I know basic way to extract string matching a regex in scala:

val p = ".*(\\d+ minutes).*".r
val p(m) = "last 12 minutes."

I can get "12 minutes" in m. But what if I want to match regex like \\d+ minute(s)?. For example, I could get "12 minutes" if input is "last 12 minutes.", and "12 minute" if input is "last 12 minute.".

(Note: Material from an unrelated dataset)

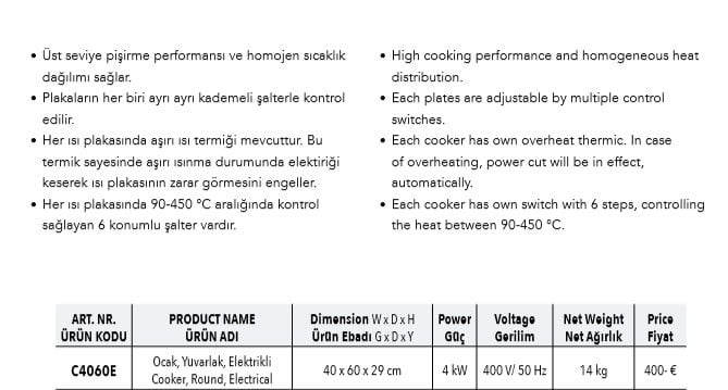 Elektrikli Yemek Pişirme Ocağı Çiftli Sanayi Mutfak Tipi Kalitegaz C4060E

".*(\\d+ minute(s)?).*".r doesn't work, maybe bracket is used to mark the matched regex we want, so more brackets appeared in regex doesn't work. And I know ".*(\\d+ minute[s]?).*".r could satisfy my request, but what if I want to match \\d+ minutes( left)? in which case I have to use bracket in the matched part?

K F
  • 645
  • 1
  • 6
  • 16

2 Answers2

2

You may use a ? modifier (s?) to make a single char optional or a non-capturing group with a ? quantifier to make a sequence of chars (here, (?:s)?) optional:

val p = ".*?(\\d+ minutes?).*".r

Or with a non-capturing group:

val p = ".*?(\\d+ minute(?:s)?).*".r
val p = ".*\\b(\\d+ minutes(?: left)?).*".r

Note that you must make the first .* lazy or you won't be able to get 12 into the capturing group. Or use a word boundary, ".*\\b(\\d+ minutes?).*".r, or make the regex unanchored and get rid of .* altogether:

val p = """(\d+\s+minutes?)""".r.unanchored
val s = "last 12 minutes."
val res = s match { 
    case p(m) => m
    case _ => ""
}
// => 12 minutes

See the Scala demo.

Wiktor Stribiżew
  • 607,720
  • 39
  • 448
  • 563
  • Thanks a lot, "non-capturing group", that's what I want. Also thx about the advice for unanchored. – K F Feb 06 '18 at 09:56
1

The question mark ? will by default refer to the immediately preceding character. So the following should match minute or minutes:

val p = ".*(\\d+ minutes?).*".r
Tim Biegeleisen
  • 502,043
  • 27
  • 286
  • 360